The shale rock throughout the region, which is as much as 800 feet thick in places, contains enough natural gas to satisfy North Carolina's needs for 40 years, according to experts. Three test wells were dug 20 years ago in Lee County to test for gas, but no one has been able to go further.
Simple drilling for the gas isn't possible because of the high cost of extracting limited amounts from deep deposits. But a technique known as hydraulic fracturing, or "fracking," has been shown to increase output and lower costs.
In fracking, after drilling down a few thousand feet, crews drill horizontally and then fill the cavity with chemicals and water.
"You put that water under a great deal of pressure, which fractures the rock," releasing natural gas, said Russ Knight, a Lee County landowner who helped form a group called North Carolina Oil and Gas.

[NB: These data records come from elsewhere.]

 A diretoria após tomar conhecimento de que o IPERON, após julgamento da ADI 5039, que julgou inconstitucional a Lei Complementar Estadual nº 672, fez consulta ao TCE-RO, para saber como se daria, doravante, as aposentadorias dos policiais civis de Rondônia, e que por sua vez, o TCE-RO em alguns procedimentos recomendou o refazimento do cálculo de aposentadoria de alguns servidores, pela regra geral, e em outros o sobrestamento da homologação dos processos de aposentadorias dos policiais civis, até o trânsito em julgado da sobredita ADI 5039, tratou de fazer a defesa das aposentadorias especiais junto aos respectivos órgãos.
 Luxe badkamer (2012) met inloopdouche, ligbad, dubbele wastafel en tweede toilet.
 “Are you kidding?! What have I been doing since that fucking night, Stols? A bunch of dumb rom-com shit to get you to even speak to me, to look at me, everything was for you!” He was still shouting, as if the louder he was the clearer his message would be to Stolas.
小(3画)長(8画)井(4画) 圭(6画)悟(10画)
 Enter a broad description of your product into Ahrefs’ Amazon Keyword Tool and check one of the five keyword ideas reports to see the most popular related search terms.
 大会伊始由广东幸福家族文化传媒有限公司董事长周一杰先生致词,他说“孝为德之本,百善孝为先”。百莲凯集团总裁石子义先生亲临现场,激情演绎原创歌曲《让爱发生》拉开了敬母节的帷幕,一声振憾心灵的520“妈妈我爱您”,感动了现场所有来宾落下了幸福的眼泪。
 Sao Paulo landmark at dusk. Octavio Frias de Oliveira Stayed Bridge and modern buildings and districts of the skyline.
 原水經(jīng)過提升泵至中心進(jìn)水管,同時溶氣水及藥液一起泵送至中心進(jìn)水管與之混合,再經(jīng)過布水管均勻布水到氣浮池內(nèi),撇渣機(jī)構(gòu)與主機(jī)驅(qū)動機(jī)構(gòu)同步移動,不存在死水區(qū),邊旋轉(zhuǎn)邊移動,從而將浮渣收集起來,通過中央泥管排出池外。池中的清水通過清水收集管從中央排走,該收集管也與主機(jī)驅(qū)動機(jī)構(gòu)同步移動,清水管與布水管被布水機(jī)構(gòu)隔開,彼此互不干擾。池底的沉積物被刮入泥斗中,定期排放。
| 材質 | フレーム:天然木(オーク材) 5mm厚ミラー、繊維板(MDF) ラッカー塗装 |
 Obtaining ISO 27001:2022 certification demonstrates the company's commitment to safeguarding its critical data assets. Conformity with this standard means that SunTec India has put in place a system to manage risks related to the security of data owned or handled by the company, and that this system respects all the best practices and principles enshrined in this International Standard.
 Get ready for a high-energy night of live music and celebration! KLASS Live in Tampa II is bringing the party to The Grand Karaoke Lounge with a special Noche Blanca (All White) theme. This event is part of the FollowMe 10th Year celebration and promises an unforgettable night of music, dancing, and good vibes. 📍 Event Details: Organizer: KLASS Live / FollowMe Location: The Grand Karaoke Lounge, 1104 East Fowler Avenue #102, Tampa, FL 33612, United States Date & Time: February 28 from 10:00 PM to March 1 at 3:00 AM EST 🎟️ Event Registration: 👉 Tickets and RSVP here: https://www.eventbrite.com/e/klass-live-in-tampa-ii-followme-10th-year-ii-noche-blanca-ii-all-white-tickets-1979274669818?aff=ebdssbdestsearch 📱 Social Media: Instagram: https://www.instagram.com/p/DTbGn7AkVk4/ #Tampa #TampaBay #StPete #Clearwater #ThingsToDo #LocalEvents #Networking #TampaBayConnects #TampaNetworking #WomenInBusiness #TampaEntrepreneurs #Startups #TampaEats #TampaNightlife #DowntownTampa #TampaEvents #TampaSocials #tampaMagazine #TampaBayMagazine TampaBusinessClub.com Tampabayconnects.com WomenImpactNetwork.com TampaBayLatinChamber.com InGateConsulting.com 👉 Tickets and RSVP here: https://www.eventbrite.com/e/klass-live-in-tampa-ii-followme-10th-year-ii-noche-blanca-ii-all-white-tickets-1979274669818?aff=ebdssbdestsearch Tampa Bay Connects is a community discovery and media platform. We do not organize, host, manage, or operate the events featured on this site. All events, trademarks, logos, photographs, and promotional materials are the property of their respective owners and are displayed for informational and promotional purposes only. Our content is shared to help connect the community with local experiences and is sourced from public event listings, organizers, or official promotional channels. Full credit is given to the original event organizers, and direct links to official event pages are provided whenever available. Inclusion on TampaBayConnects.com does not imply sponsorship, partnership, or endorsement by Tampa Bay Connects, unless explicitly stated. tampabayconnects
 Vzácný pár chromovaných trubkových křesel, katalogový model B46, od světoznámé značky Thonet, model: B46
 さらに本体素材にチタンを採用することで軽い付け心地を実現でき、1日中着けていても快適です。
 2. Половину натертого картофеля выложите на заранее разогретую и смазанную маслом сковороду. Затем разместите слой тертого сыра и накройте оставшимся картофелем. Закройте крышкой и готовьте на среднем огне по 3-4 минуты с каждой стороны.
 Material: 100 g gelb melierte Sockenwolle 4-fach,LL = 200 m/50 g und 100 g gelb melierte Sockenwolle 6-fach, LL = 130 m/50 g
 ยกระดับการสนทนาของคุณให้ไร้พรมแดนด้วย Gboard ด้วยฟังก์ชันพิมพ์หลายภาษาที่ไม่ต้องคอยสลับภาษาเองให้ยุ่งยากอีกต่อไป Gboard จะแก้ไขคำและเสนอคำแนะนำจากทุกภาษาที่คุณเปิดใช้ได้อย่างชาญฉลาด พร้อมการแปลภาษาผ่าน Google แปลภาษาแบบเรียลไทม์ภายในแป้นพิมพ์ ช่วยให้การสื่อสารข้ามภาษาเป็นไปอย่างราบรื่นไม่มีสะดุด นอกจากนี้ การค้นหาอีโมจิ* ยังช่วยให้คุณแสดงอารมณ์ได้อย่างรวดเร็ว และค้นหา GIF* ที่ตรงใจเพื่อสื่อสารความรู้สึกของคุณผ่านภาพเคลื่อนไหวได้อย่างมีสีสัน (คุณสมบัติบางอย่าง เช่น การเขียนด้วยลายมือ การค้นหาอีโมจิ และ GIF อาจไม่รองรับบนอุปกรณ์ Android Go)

Knight said he favors gas exploration in the area if it can be done safely and if landowners can be properly compensated.
“Further regulations have to be put in place for us to feel overly confident in doing this in a safe way,” he said.
The question of safety is what brings controversy to the surface in the fracking debate.
"The U.S. Mint can't print enough money to induce me to let fracking take place on my land," said Moore County landowner Joe McDonald, who heads up a group called Save Our Sandhills.
McDonald says the group has not taken an official position on fracking.
“I’m concerned not just about the fracking operation, but the clearing of land and installation of equipment and truck traffic," he said.
Opponents say fracking poses environmental risks like contaminated groundwater. State geologists and environmental officials held a meeting in Sanford Monday night to address people's concerns.
Fracking proponents said such risks are overstated, and North Carolina cannot afford to ignore its own energy reserves.
“There is no real history of problems from fracking anywhere,” said Russ Patterson, a geologist with Patterson Exploration Services of Sanford.
"It's under us, and it's accessible," landowner Benny Lee said. "I think it would be foolish for people think that we shouldn’t explore it."